Archiwum Polityki

Kogo wybierze LOT?

W ciągu kilku, najdalej kilkunastu tygodni LOT powinien wybrać dostawcę nowych samolotów pasażerskich. W grę wchodzi Airbus A330 lub najnowszy Boeing 787. Wartość kontraktu szacuje się na ponad pół miliarda dolarów, a LOT kilkakrotnie odkładał już decyzję. Obaj wielcy producenci kuszą Polskę nie tylko atrakcyjnymi warunkami dostaw, ale obiecują też uczestnictwo w programach produkcji części i podzespołów do różnych modeli. Prezes Boeinga Harry Stonecipher podczas ubiegłotygodniowej wizyty w Warszawie zapowiedział zakupy narzędzi i oprzyrządowania do produkcji lotniczej. Mówił też, że Polska ma szansę na podpisanie kontraktów na dostawy części do modelu 787, który podczas niedawnej światowej premiery zbierał bardzo dobre recenzje ekspertów. Co więcej, jeśli przystąpimy do amerykańskiego programu tarczy antyrakietowej, to są duże szanse, że Amerykanie zbudują w Polsce od podstaw bazę radarową, która będzie zatrudniać 700–1000 osób. Współpraca z Boeingiem, który od kilkunastu lat jest głównym dostawcą cywilnych samolotów, wydaje się czymś naturalnym, ale na pewno nie jest jeszcze przesądzona.
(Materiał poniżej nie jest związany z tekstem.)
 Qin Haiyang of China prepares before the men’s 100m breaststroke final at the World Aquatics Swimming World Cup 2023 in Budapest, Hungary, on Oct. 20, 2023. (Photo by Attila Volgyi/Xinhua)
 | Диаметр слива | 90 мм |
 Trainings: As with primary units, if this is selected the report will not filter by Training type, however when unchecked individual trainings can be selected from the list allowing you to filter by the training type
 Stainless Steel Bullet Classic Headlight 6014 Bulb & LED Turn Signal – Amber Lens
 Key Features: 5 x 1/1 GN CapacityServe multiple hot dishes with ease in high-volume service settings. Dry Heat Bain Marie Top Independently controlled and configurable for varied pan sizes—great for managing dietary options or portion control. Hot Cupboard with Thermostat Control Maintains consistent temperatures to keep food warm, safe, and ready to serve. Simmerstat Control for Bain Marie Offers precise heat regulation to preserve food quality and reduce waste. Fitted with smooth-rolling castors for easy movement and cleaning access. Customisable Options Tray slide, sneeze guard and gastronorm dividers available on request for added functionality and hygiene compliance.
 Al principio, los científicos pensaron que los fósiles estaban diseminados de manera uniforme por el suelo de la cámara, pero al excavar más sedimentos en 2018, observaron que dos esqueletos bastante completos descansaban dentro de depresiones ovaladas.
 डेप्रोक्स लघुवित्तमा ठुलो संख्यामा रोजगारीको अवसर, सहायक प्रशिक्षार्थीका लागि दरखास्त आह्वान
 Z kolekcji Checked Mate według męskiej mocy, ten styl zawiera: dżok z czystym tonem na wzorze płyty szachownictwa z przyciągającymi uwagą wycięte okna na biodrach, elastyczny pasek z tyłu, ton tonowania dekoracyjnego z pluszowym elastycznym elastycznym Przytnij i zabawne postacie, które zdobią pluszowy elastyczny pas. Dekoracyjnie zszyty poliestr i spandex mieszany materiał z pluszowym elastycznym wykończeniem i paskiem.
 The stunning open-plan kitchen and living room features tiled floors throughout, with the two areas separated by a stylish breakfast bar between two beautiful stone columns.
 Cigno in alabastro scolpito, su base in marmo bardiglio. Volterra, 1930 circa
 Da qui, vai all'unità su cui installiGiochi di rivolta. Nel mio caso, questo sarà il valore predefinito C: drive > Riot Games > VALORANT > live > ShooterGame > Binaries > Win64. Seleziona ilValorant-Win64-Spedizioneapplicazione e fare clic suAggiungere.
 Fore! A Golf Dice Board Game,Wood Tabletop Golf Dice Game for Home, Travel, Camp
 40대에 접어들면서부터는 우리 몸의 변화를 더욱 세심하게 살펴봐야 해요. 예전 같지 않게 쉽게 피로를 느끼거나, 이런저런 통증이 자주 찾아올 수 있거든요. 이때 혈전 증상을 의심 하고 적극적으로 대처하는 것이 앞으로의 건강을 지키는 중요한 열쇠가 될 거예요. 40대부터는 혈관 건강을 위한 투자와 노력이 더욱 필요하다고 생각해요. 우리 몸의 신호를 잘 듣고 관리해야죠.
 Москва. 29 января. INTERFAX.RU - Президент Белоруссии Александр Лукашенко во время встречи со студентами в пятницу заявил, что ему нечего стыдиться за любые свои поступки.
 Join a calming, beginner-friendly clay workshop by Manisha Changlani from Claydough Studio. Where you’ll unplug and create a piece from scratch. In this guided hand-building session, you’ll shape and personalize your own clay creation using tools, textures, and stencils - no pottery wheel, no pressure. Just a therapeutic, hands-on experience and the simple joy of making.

Airbus, wizytówka i duma Unii Europejskiej, ma dobre, sprawdzone samoloty, które z powodzeniem eksploatuje najważniejszy dziś partner LOT – niemiecka Lufthansa. Ma też warunki i środki, żeby PLL LOT złożyć atrakcyjną cenowo ofertę. Ponadto w Polsce, w warszawskich zakładach PZL, już teraz produkowane są elementy podłogi kokpitu do A320. Są sygnały, że firmy współpracujące z Airbusem będą w Polsce podpisywać kolejne kontrakty i zamawiać części. A skoro tak, to spodziewają się rewanżu. Dla obu wielkich producentów samolotów sprawa jest bardzo prestiżowa. Do gry o polski rynek już dawno włączyli się amerykańscy i zachodnioeuropejscy politycy, a skala lobbingu jest nie mniejsza niż w przypadku myśliwców dla polskiej armii (ostatecznie wybraliśmy amerykańskie F-16).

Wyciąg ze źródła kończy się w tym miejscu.